From Pretty Please to Accountability: Why AI Needs Contracts
AI governance has a language problem. We have built an entire vocabulary around capability: what models can do, how fast they learn, how far they’ve come. We have almost no vocabulary around accountability. What the system is obligated to do. What happens when it doesn’t. Who is responsible when it fails. That gap is no longer theoretical. Agents are in production, in workflows that matter, and the frameworks governing their behavior are mostly the same ones we used when AI was still a demo: prompts, guardrails, and hope.
We are still talking to AI like it’s a well-meaning 4 year old (which is fitting AI-LLMs are only 4ish).
“Stay on task.” “Don’t hallucinate.” “Be accurate.” “Tell the truth.” “Don’t use em dashes.” . . . Pretty please.
And when it gets something wrong? We shrug, retry, tweak the prompt, and move on. That works fine when you’re experimenting. It stops being a strategy the moment the system is talking to your customers, documenting care, approving a workflow, or generating a recommendation someone will actually trust. At that point, “pretty please” becomes a liability. You’ve outsourced accountability to a coin flip and called it deployment.
We’ve Already Solved This Problem Once
The data world went through this exact transition, and not that long ago. There was a time when data pipelines were tribal knowledge: no clear ownership, no stated guarantees, no accountability when something broke. You’d call a data engineer at 11 PM and ask why the dashboard was wrong, and the honest answer was that nobody had formally agreed on what “right” even meant.
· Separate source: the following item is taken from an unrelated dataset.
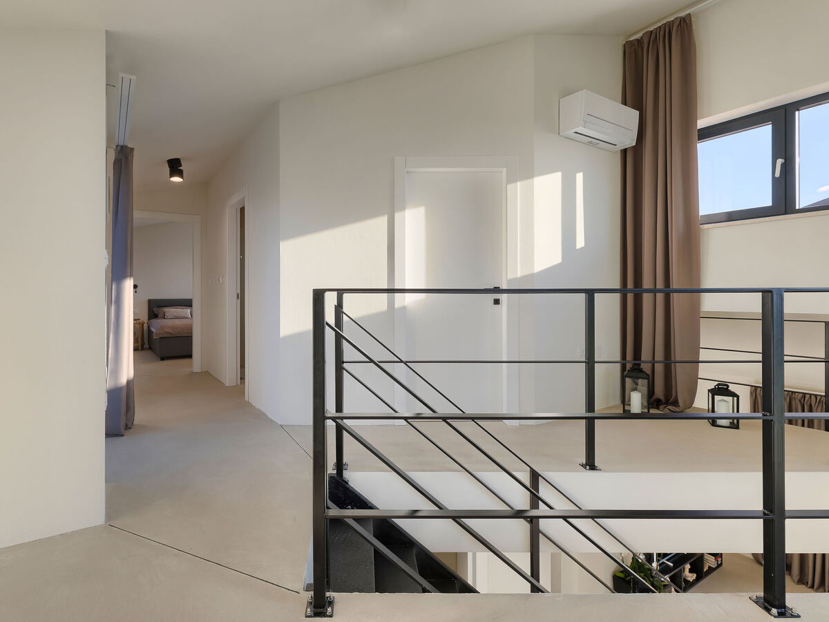 À l'étage supérieur: chambre avec passage ouverte avec 2 divans-lits (90 cm, longueur 200 cm), TV (satellite) (écran plat), air-conditionné.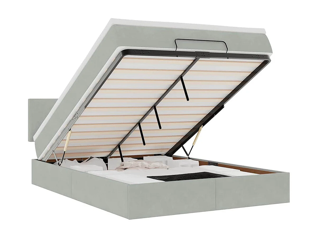 Cadre de lit ottoman avec matelas gris clair 140x200 cm velours

Then came a shift that changed the entire conversation: treat data as a product. Suddenly, data had owners, consumers, explicit expectations, and a paper trail. Much of the conceptual foundation for that shift came from the work of Jean-Georges Perrin,1 whose contributions to the Open Data Contract Standard and Open Data Product Specification gave the industry a shared vocabulary for declaring, measuring, and enforcing data behavior. A data contract didn’t just describe what data existed. It defined how it must behave, what constitutes a violation, and what happens when a violation occurs. The difference between “we hope the data is good” and “we know when it isn’t, and we act” turned out to be a very large gap, both technically and organizationally.
We’re now standing at the same starting line again. Just with AI.
Agents Are Already Products. We Just Don’t Treat Them That Way
An AI agent exposes capabilities, interacts with users and systems, influences decisions, and triggers downstream actions. By any reasonable definition, it is a product. But we manage agents like they’re still in a lab. Ask most teams what their agent is actually allowed to do, how its behavior is evaluated, what happens when it fails, or how trust in that agent changes over time, and you’ll get a combination of vague answers and uncomfortable silence. There’s no contract. There’s no owner. There’s no enforcement layer.
So when something goes wrong, the system doesn’t respond to it. It absorbs it. The failure gets logged somewhere, maybe gets reviewed in a sprint retro, maybe gets a prompt tweak. But the system itself has no mechanism to say: this output violated what was expected, and therefore something changes. That’s not governance. That’s hope at scale.
The Real Gap Is Not Intelligence. It’s Control
The dominant conversation in AI right now is about making models smarter, more capable, faster. That’s not the bottleneck most enterprises are actually hitting. The bottleneck is the absence of a real-time control system with teeth. You have prompts that shape intent. You have guardrails that catch the most obvious failure modes. You have observability tools that tell you what happened after the fact. But nothing in that stack enforces behavior in real time with actual consequences. There is no mechanism that closes the loop. No layer that says: this output fell outside acceptable bounds, and therefore the agent’s permissions change, the request gets escalated, the record gets flagged, or the workflow stops.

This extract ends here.